WHAT YOU SHOULD DO — Leave the pictures out and write out the rest of the listing word for word.

MATERIAL FOR THIS TASK —
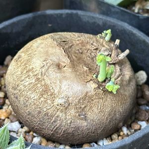 買った時は葉っぱが1つついてて秋に枯れ、それから芋状態だった。 もうダメかなと思ってた‼️ 1つは葉っぱ3枚、もうひとつは遅れて芽が😍 肥料とか、日当たりとか育て方がほとんど無い状態で、とにかく部屋の温度の高いところを行ったり来たり💦朝陽の当たる窓際で芽を出した💖 可愛すぎる〜💚ᩚ🤍ᩚ💚ᩚ🤍ᩚ💚ᩚ🤍ᩚ💚ᩚ🤍ᩚ💚ᩚ
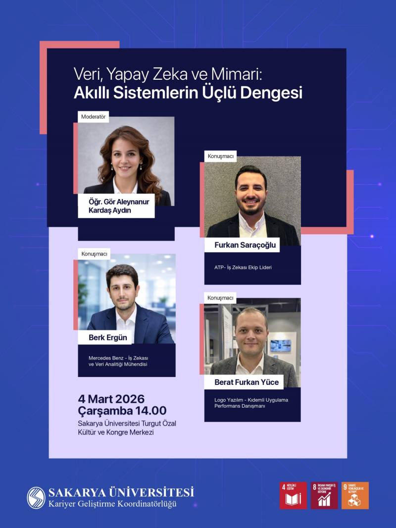 Sakarya Üniversitesi Kariyer Geliştirme Koordinatörlüğü tarafından düzenlenen bu özel etkinlikte, sektörün deneyimli isimlerinden olan mezunlarımız öğrencilerimizle buluşuyor.
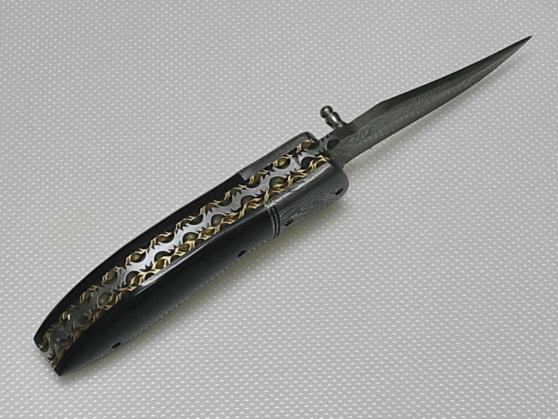 ความยาวรวมประมาณ 7นิ้วใบมีดยาว 3นิ้ว ทำจากเหล็ก2ชนิด 1095+15n25จำนวนมากกว่า200ชั้น ค่าความแข็ง56-58HRC ด้ามจับ ยาวประมาณ 4นิ้วทำจากเหล็กดามัสกัสและเขาควาย ระบบปลดล็อกใบมีดด้านข้าง(liner lock) พร้อมซองหนังแท้ นำเข้ามาจากอังกฤษ MR.MAAN ขายแล้วครับ
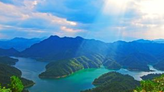 赐福湖水深处不可测,右岸丘峻连绵,花木四季不败,左岸石山重叠,千姿百态,是乘舟、垂钓、游览库区新村和湖光山色的理想胜景。
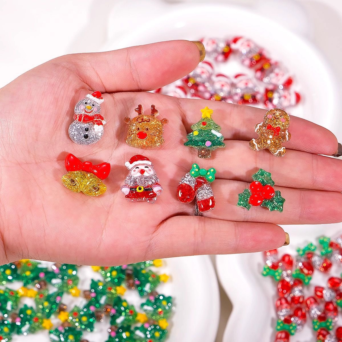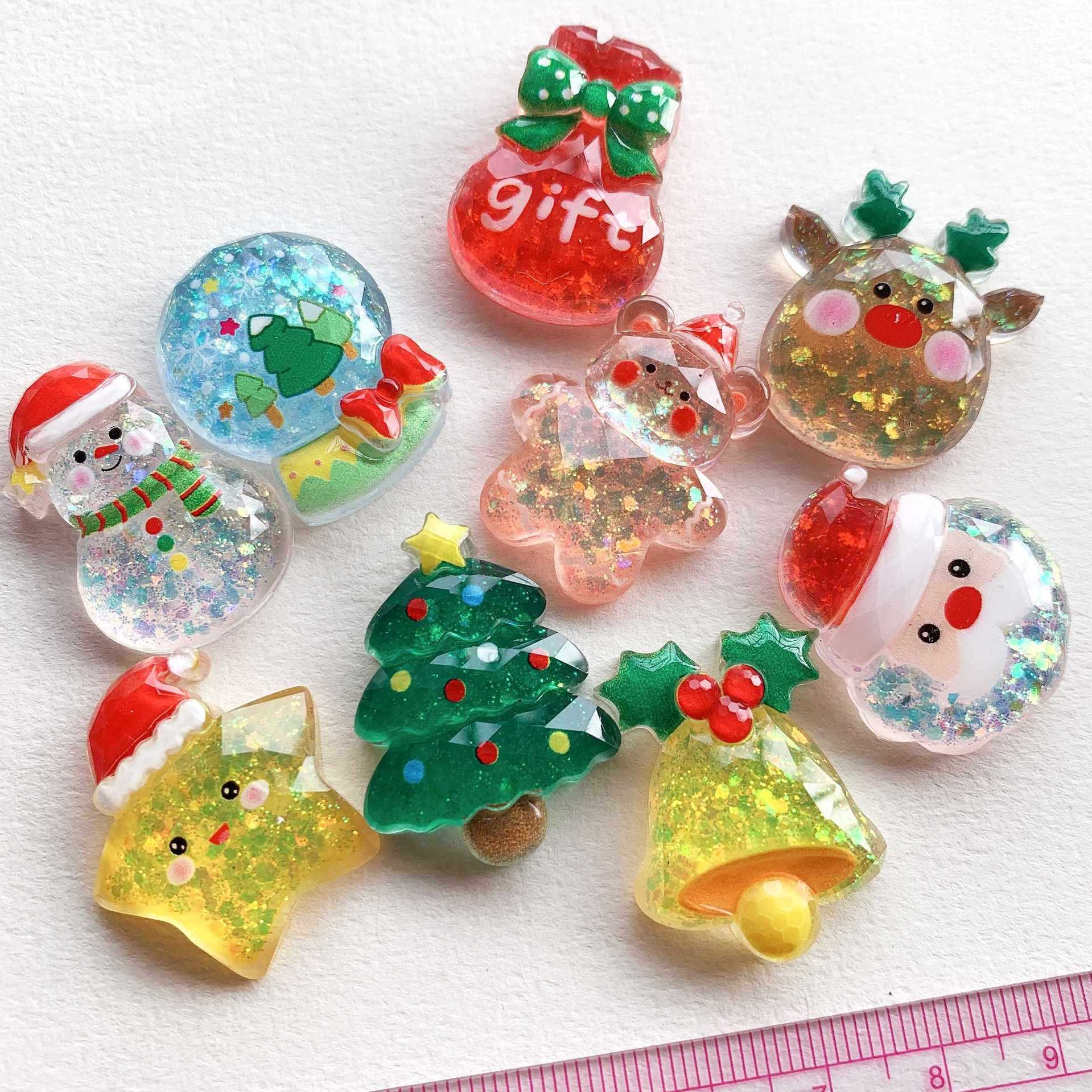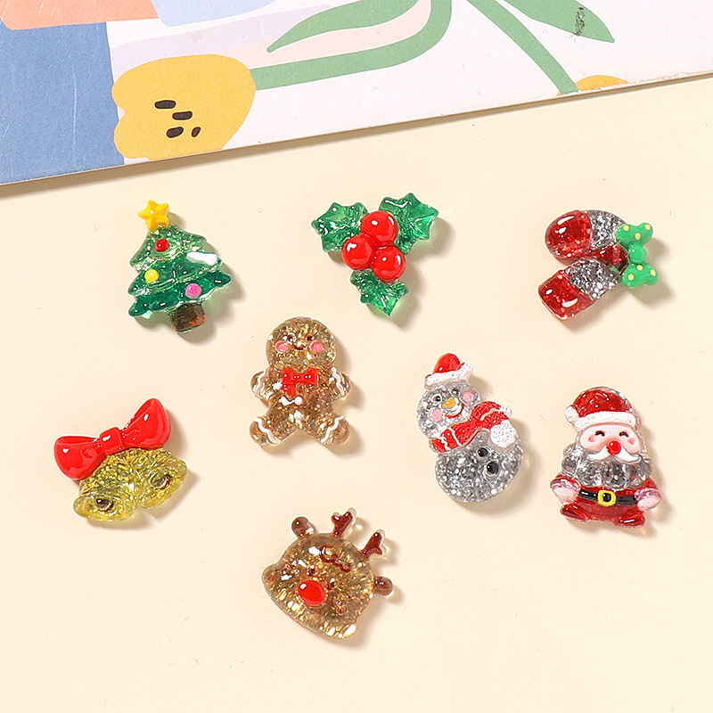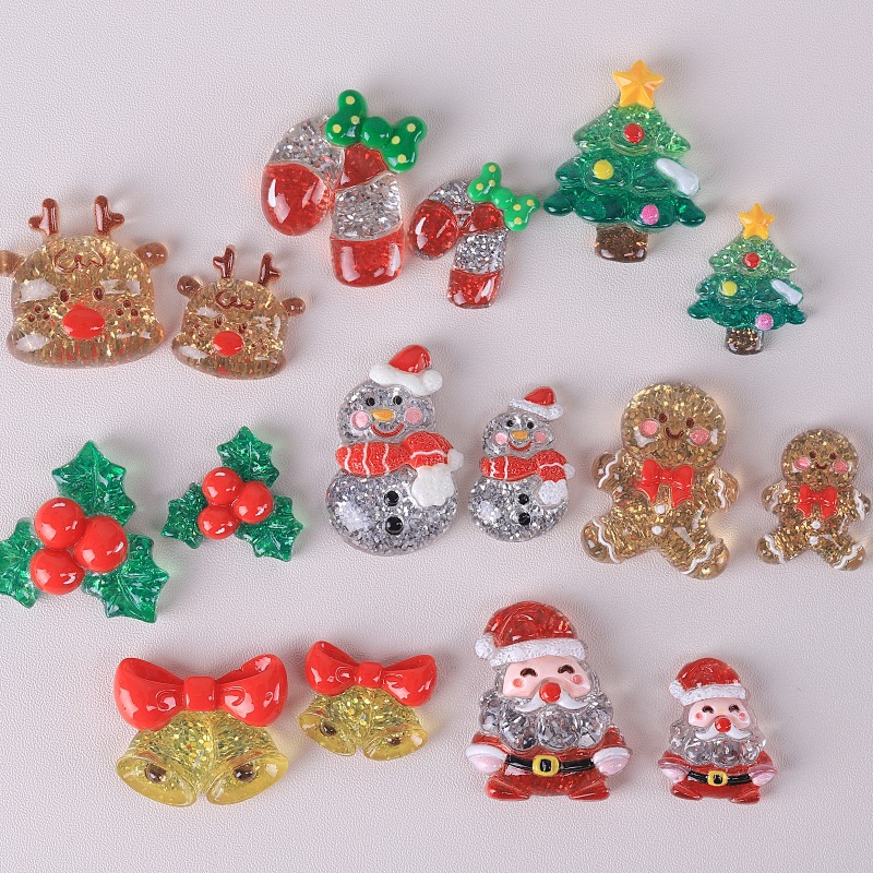 树脂配件批发童趣diy奶油胶发夹洞洞鞋扣饰品装饰卡通闪晶晶圣诞
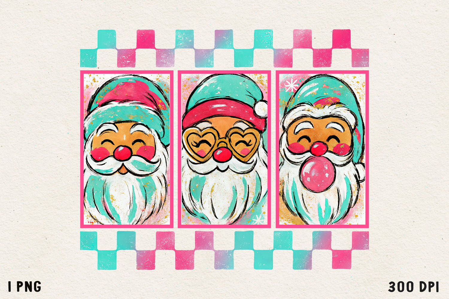 Vintage Christmas Clipart Santa Sublimation Bundle Pink Teal Christmas Png Pastel Christmas Art Retro Santa Trio Png Colorful Santa Faces Funky Holiday Design Cheerful Christmas Illustration Festive Santa Print Trendy Holiday Aesthetic
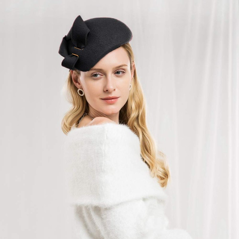 F FADVES Women Wool Derby Hat for Women Pillbox Hat Wedding Hats Felt Bowknot Fascinators Black
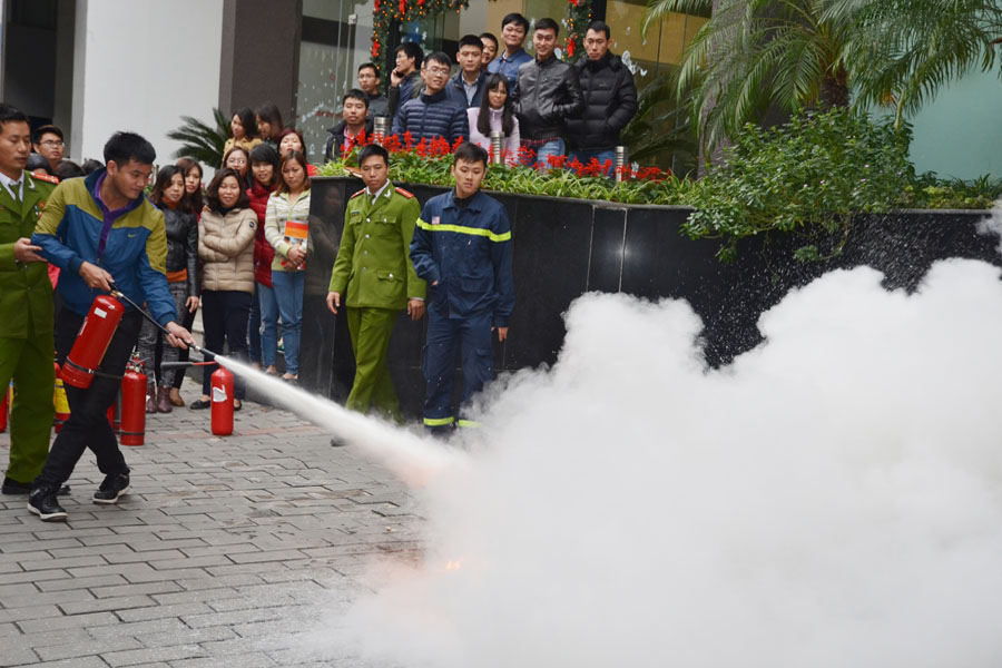 Kết thúc giờ học lý thuyết, các học viên đã được tập huấn phương án PCCC thông qua lực lượng Cảnh sát PCCC Hà Nội. Các học viên được hướng dẫn sử dụng và thực hành tại chỗ các trang thiết bị chữa cháy như: bình cứu hỏa, vòi rồng…và thực tập các phương án PCCC. Đây là hoạt động thiết thực giúp lực lượng PCCC tại chỗ tìm ra phương án cứu hỏa tối ưu nhất, khống chế đám cháy nhanh nhất, đảm bảo thiệt hại ở mức tối thiểu về người và tài sản.

WRITTEN SOLUTION —
 買った時は葉っぱが1つついてて秋に枯れ、それから芋状態だった。 もうダメかなと思ってた‼️ 1つは葉っぱ3枚、もうひとつは遅れて芽が😍 肥料とか、日当たりとか育て方がほとんど無い状態で、とにかく部屋の温度の高いところを行ったり来たり💦朝陽の当たる窓際で芽を出した💖 可愛すぎる〜💚ᩚ🤍ᩚ💚ᩚ🤍ᩚ💚ᩚ🤍ᩚ💚ᩚ🤍ᩚ💚ᩚ
 Sakarya Üniversitesi Kariyer Geliştirme Koordinatörlüğü tarafından düzenlenen bu özel etkinlikte, sektörün deneyimli isimlerinden olan mezunlarımız öğrencilerimizle buluşuyor.
 ความยาวรวมประมาณ 7นิ้วใบมีดยาว 3นิ้ว ทำจากเหล็ก2ชนิด 1095+15n25จำนวนมากกว่า200ชั้น ค่าความแข็ง56-58HRC ด้ามจับ ยาวประมาณ 4นิ้วทำจากเหล็กดามัสกัสและเขาควาย ระบบปลดล็อกใบมีดด้านข้าง(liner lock) พร้อมซองหนังแท้ นำเข้ามาจากอังกฤษ MR.MAAN ขายแล้วครับ
 赐福湖水深处不可测,右岸丘峻连绵,花木四季不败,左岸石山重叠,千姿百态,是乘舟、垂钓、游览库区新村和湖光山色的理想胜景。
 树脂配件批发童趣diy奶油胶发夹洞洞鞋扣饰品装饰卡通闪晶晶圣诞
 Vintage Christmas Clipart Santa Sublimation Bundle Pink Teal Christmas Png Pastel Christmas Art Retro Santa Trio Png Colorful Santa Faces Funky Holiday Design Cheerful Christmas Illustration Festive Santa Print Trendy Holiday Aesthetic
 F FADVES Women Wool Derby Hat for Women Pillbox Hat Wedding Hats Felt Bowknot Fascinators Black
 Kết thúc giờ học lý thuyết, các học viên đã được tập huấn phương án PCCC thông qua lực lượng Cảnh sát PCCC Hà Nội. Các học viên được hướng dẫn sử dụng và thực hành tại chỗ các trang thiết bị chữa cháy như: bình cứu hỏa, vòi rồng…và thực tập các phương án PCCC. Đây là hoạt động thiết thực giúp lực lượng PCCC tại chỗ tìm ra phương án cứu hỏa tối ưu nhất, khống chế đám cháy nhanh nhất, đảm bảo thiệt hại ở mức tối thiểu về người và tài sản.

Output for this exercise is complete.